I wasn’t ever aware of The Groundhogs until I was living in Manchester and playing in The Fall. I certainly didn’t know about them growing up in America. They were a big influence for Mark E. Smith and I just remember them as a repeated soundtrack coming in and out of our lives.

One of the songs I’ve always liked is ‘Split (Pt. 2)’. I think there was a lot of subliminal influence from it in a lot of things that we did, and that’s what pops out as the one I want to listen to again and again. If I was DJing, that would definitely be taken from the bottom of the pile and put on the top. For me it’s a mixture of psychedelic blues with noise and repetition and a great groove. It’s the kind of music that, when you listen to it, you feel like you’ve smoked a spliff. You feel a contact high. The groove is so deep, and there’s something very organic about it. Organic and honest and stoner. And good.

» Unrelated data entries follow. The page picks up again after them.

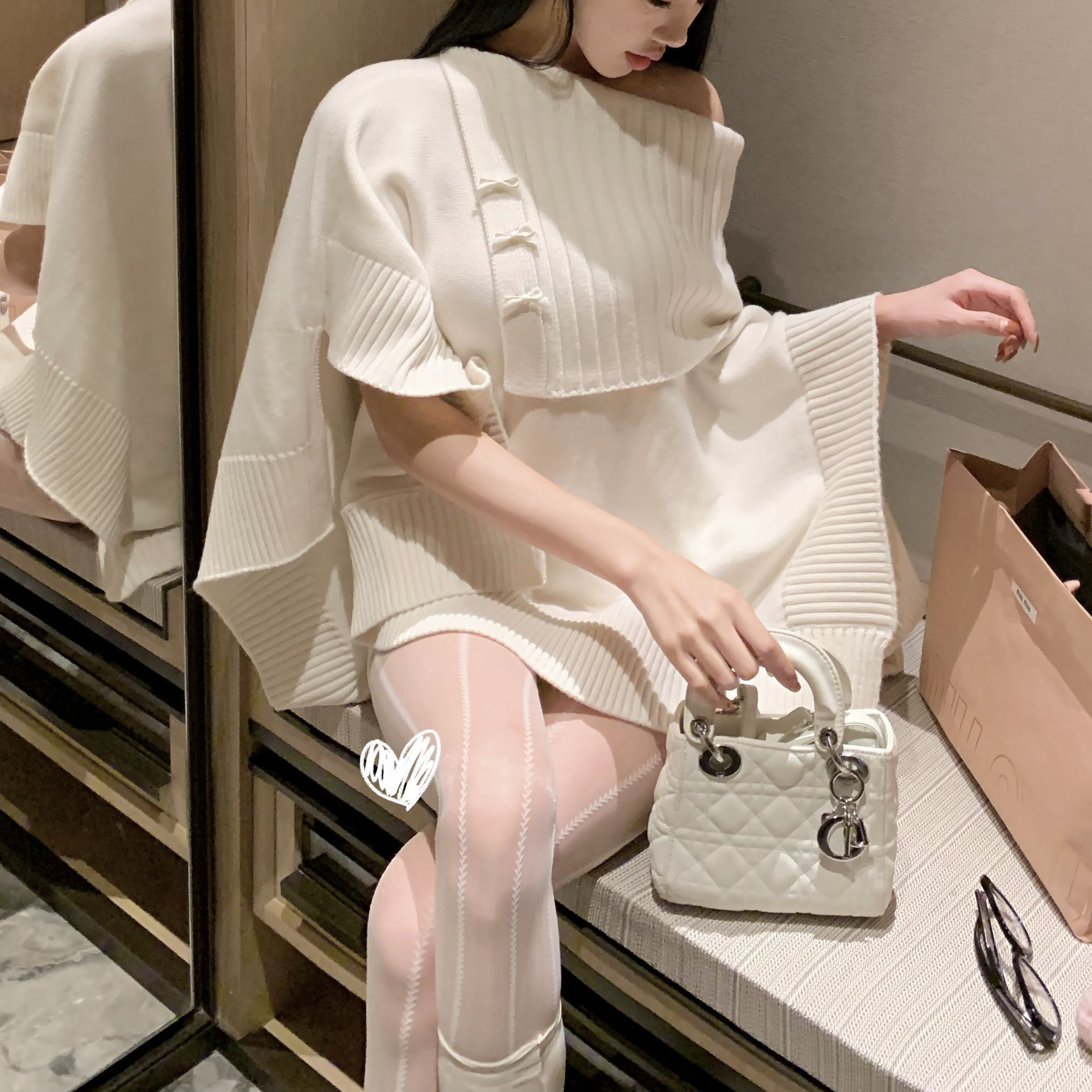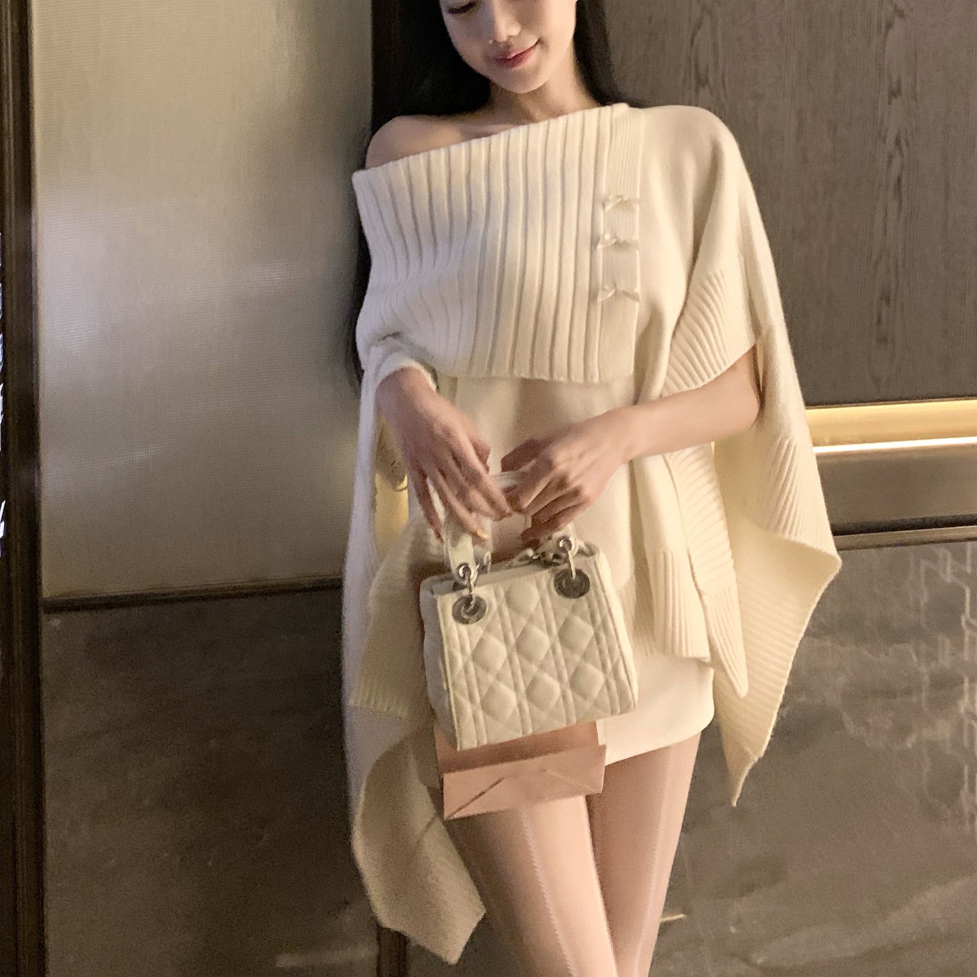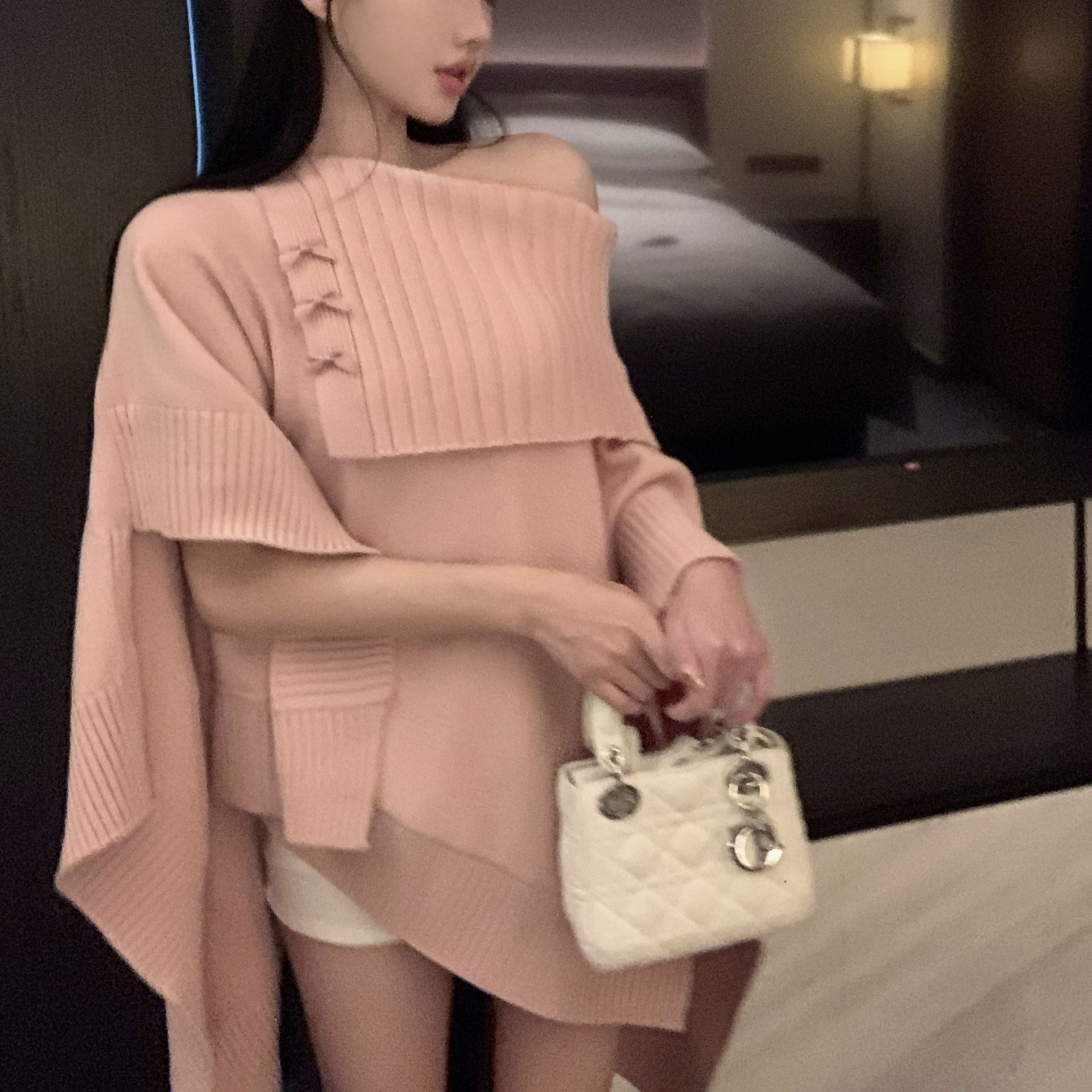 가을 겨울 여성용 레이지 스타일 스웨터, 루즈하고 패셔너블한 불규칙한 디자인, 원 숄더 숄 케이프 스웨터 탑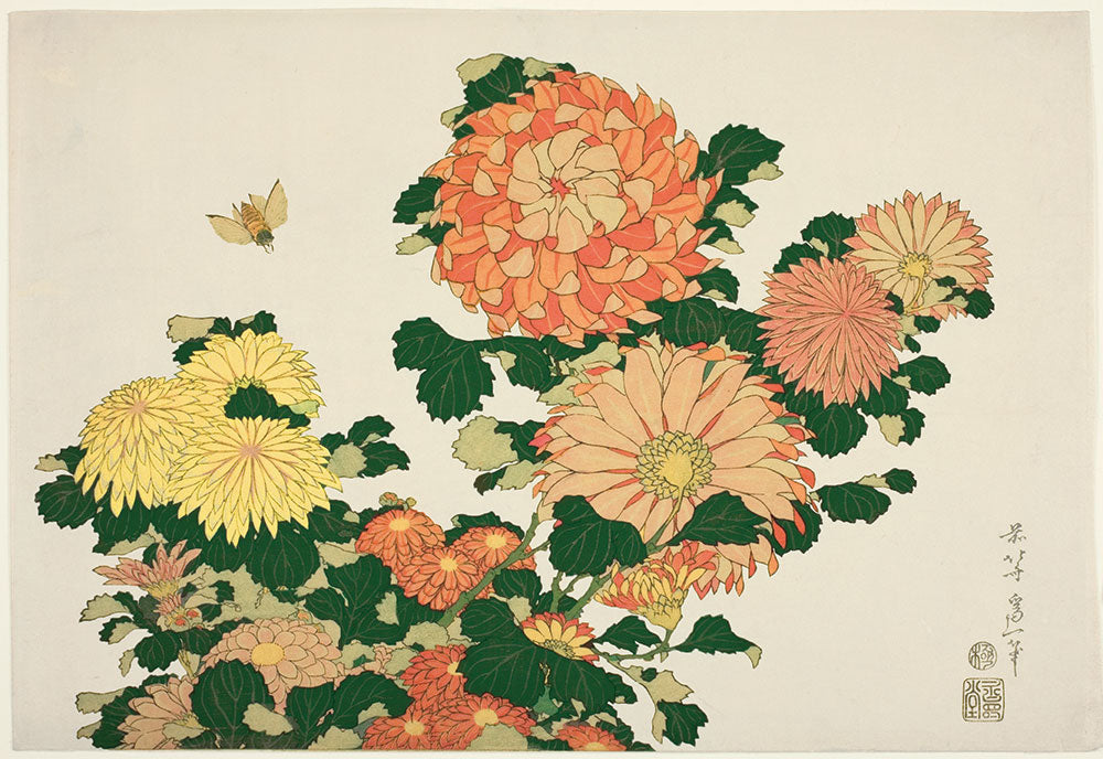 葛飾北斎 菊に虻(鮮やか)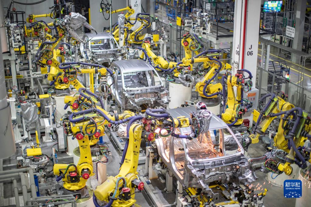 在重慶金康新能源汽車(chē)有限公司,智能化焊接機(jī)器人在進(jìn)行焊接作業(yè)(4月2日攝)。新華社記者 黃偉 攝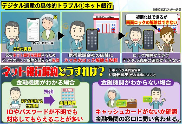 日本デジタル終活協会・伊勢田篤史代表理事によると、亡くなった人が利用していた金融機関が分かる場合は、死亡を証明する公的書類を金融機関に提出することでIDやパスワードが不明でも対応してもらえることが多いといいます。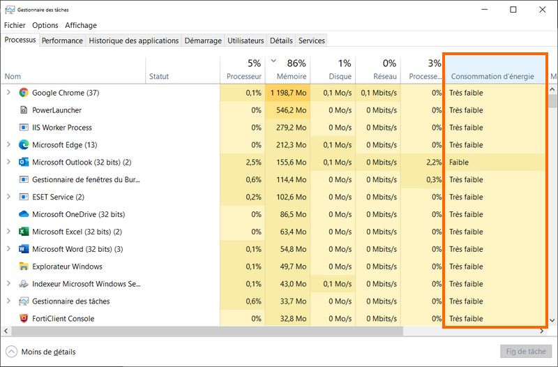 Microsoft a apporté une modification discrète mais intéressante à son gestionnaire des tâches. Ce dernier intègre une nouvelle colonne pour afficher la consommation d'énergie de chaque processus.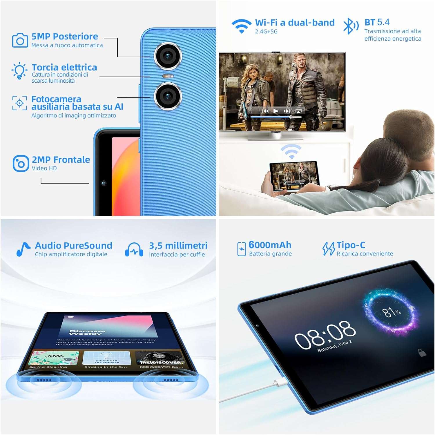 - Performance: monta un processore Octa-core con frequenza massima a 1,8 GHz, 8 GB di RAM che spingono sull’acceleratore e il sistema operativo Android 13, fluido e intuitivo.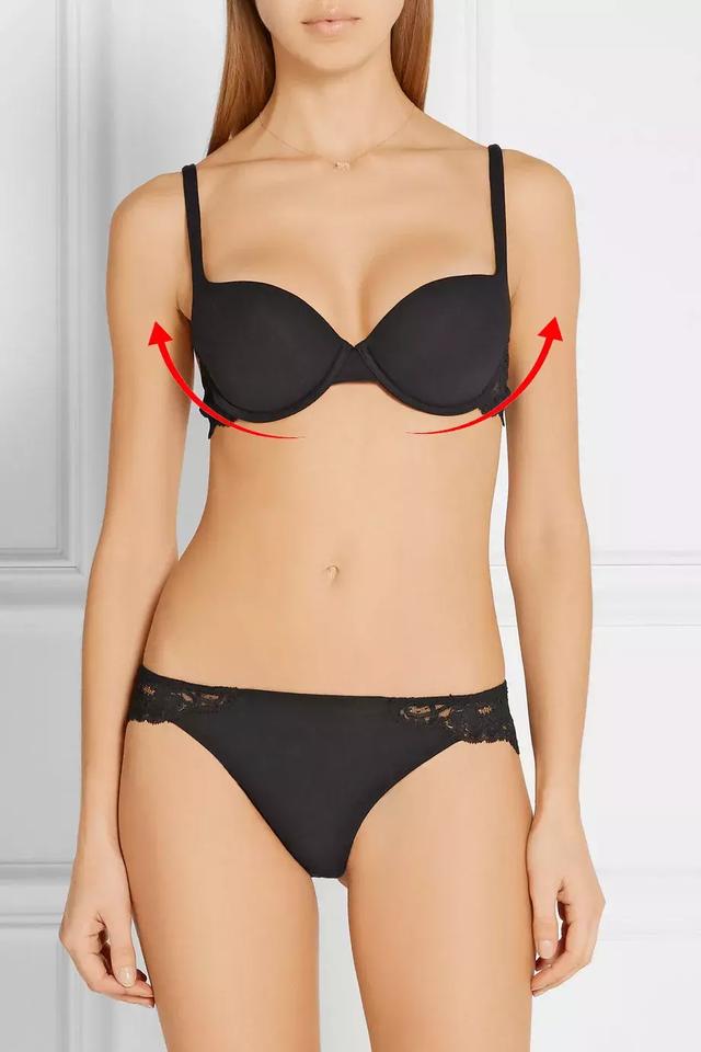 东张西望俗称“外扩型”,乳头指向双臂的话就是胸型。所以所有有聚拢和集中功能的文胸都很适合你,很容易挤出一条沟来。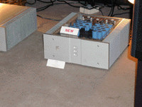 このスピーカーをドライブしていたアンプはエアーの製品。プリアンプK-1xとパワーアンプのV-1xに、話題のDVDプレーヤーD1を組み合わせて鳴らしている。このブースに展示してあるエアーの製品は内部を見られる特別バージョンで、特にV-1xは前モデルV-1に比べて容量を2倍に増やした膨大な電解コンデンサーが偉容を見せている。

With a song like ‘Split (Pt. 2)’ there’s a lot of interesting dynamics and strange mood changes within it, and there’s delicacy as well as a brutality, and repetition. I think that comes across in a lot of things I’ve done.

In the heyday of my time in The Fall, in between The Wonderful And Frightening World Of The Fall and Bend Sinister, when we played live there was definitely a vibe going through us that was similar to the vibe that they had. There was a bit of ramshackle paying, brutality, delicacy, filth and groove. A tiny bit of blues, a tiny bit of psychedelia. All of those things that were the maelstrom that made up The Groundhogs were definitely elements of the maelstrom that made up The Fall. It came into us by osmosis, then it came out of our pores, without us even being conscious of the fact that was the influence. It dripped out of our DNA. It became part of our mesh.

The Groundhogs I think are really under the radar, unknown and kind of niche. I don’t think they ever really got the recognition they deserved. They absorbed into my life by osmosis. It wasn’t like somebody said ‘Oh my God, The Groundhogs are so cool, have a listen.’ It would come on and I would go ‘what’s that?’ I don’t know anything particular about them, they weren’t on the covers of magazines. I don’t even know their names, but they were really quietly influential to me. It was only after [tQ] asked if I was a fan that I realised how much they had created my psyche in a very subtle way.